2015. Given the large number of cases that were ultimately

dismissed as non-viable, that same year, the Middle District

appointed a special master to investigate whether Wilner and

Farah’s conduct warranted sanctions. The special master

submitted a report finding that Wilner and Farah violated Federal

Rule of Civil Procedure 11, 4 28 U.S.C. § 1927, 5 the Middle District’s

4. Rule 11(b) prohibits the signing and filing of frivolous or factually unsupported pleadings. A violation of 11(b) is sanctionable under 11(c).

5. Section 1927 provides that “[a]ny attorney . . . who so multiplies the proceedings in any case unreasonably and vexatiously may be required by the court to satisfy personally the excess costs, expenses, and attorneys’ fees reasonably incurred because of such conduct.”

-4- local rules, and the Florida Rules of Professional Conduct. In 2017,

after holding a sanctions hearing, the Middle District entered a

detailed order finding Wilner and Farah violated their professional

obligations by failing to inform themselves of the facts of their

clients’ cases. The Middle District reprimanded both lawyers and

required them to pay $9,164,404.12 as a sanction. 6 In re Engle

Cases, 283 F. Supp. 3d 1174, 1259 (M.D. Fla. 2017). That amount

was later reduced to $4,329,668.43, and Wilner and Farah each

paid half.

Based on this conduct, the Bar charged Farah with violating

rules 4-1.3 (Diligence), 4-1.4(a) (Communication), and 4-1.16

(Declining or Terminating Representation). The Bar’s complaint

was referred to a referee, who held a hearing and filed a report

recommending that Farah be found not guilty of the charged rule

6. We suspended Wilner in March 2022 for 91 days for filing thousands of Engle-progeny claims without investigating or informing himself as to the facts of each case, and for knowingly misrepresenting the viability of the claims to the Middle District. Fla. Bar v. Wilner, No. SC2021-0373 (Fla. Mar. 3, 2022) (approving uncontested referee’s report). Wilner was later denied reinstatement to the Bar when he failed to fully comply with rule 3-6.1 during his suspension. Fla. Bar v. Wilner, 382 So. 3d 621, 625 (Fla. 2024).

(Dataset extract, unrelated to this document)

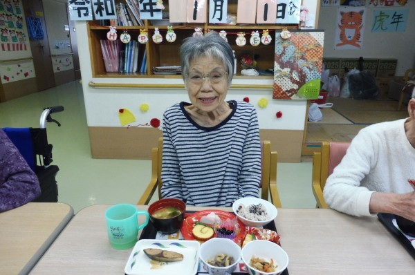 利用者様全員、おせちを見て「美味しそう」と、笑顔でおせちを召し上がってくださいました。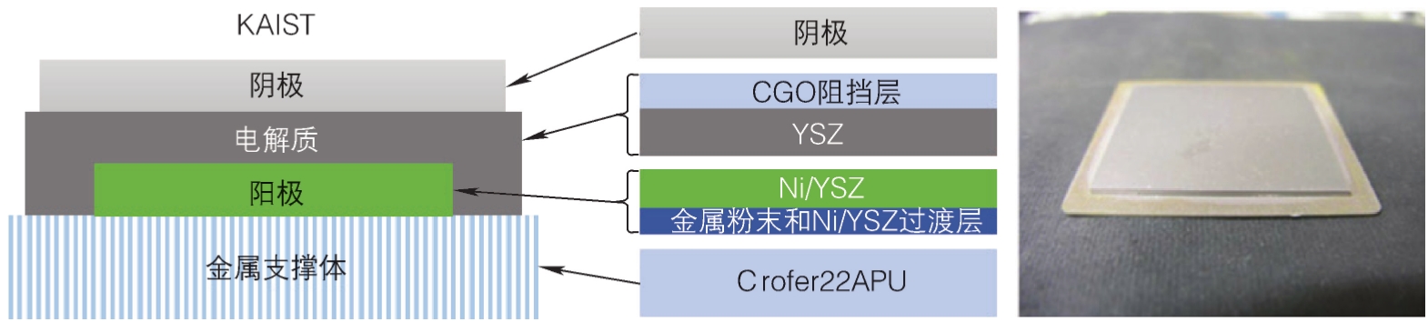 韩国科学技术高级研究院(KAIST)以Crofer22APU或SUS430为金属支撑体,采用烧结方式制备了5cm×5cm的高性能MS-SOFC,在800℃条件下功率密度达到0.5W/cm 2 ,主要结构及制作步骤如图2-2所示:在金属支撑体上依次制备过渡层(金属粉末+Ni/YSZ粉末)、阳极功能层(Ni/YSZ)、电解质薄膜(YSZ)后,在还原气氛下烧结成型,烧结温度大于1400℃。随后在烧结成型的半电池上依次制备阻挡层(Ce 0.9 Gd 0.1 O 1.9 )和阴极功能层,并在还原气氛下烧结 [11] ,完成MS-SOFC全电池的制备。

-5- violations. The referee found that the Bar improperly based its case

on the special master’s report and investigatory materials and did

not conduct its own investigation into Farah’s conduct.

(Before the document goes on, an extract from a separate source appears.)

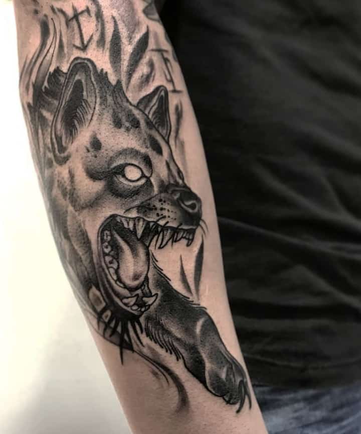 З іншого боку, гієна виглядає дуже незвично і навіть лякаюче. Тому їй часто приписували різні магічні здібності. Її використовували як емблему різні шамани і містики. Тому в якості татуювання на шкірі цей образ може говорити про проникливість свого власника, його бажання «читати» людей, як розкриту книгу, розбиратися в людях і використовувати це вміння в своїх цілях.

The Bar filed a notice of intent to seek review of the referee’s

report. It challenges the referee’s recommendation that Farah be

found not guilty of the charged rule violations. It also argues that

Farah should be found guilty of two additional rule violations and

that he should be suspended from the practice of law for 30 days.

II.

Our review of a referee’s findings of fact is limited, and if the

findings of fact are supported by competent, substantial evidence in

the record, we will not reweigh the evidence and substitute our

judgment for that of the referee. Fla. Bar v. Alters, 260 So. 3d 72,

79 (Fla. 2018) (citing Fla. Bar v. Frederick, 756 So. 2d 79, 86 (Fla.

2000)). As for a referee’s recommendations as to guilt, “the referee’s

factual findings must be sufficient under the applicable rules to

support the recommendations.” Fla. Bar v. Patterson, 257 So. 3d

56, 61 (Fla. 2018) (citing Fla. Bar v.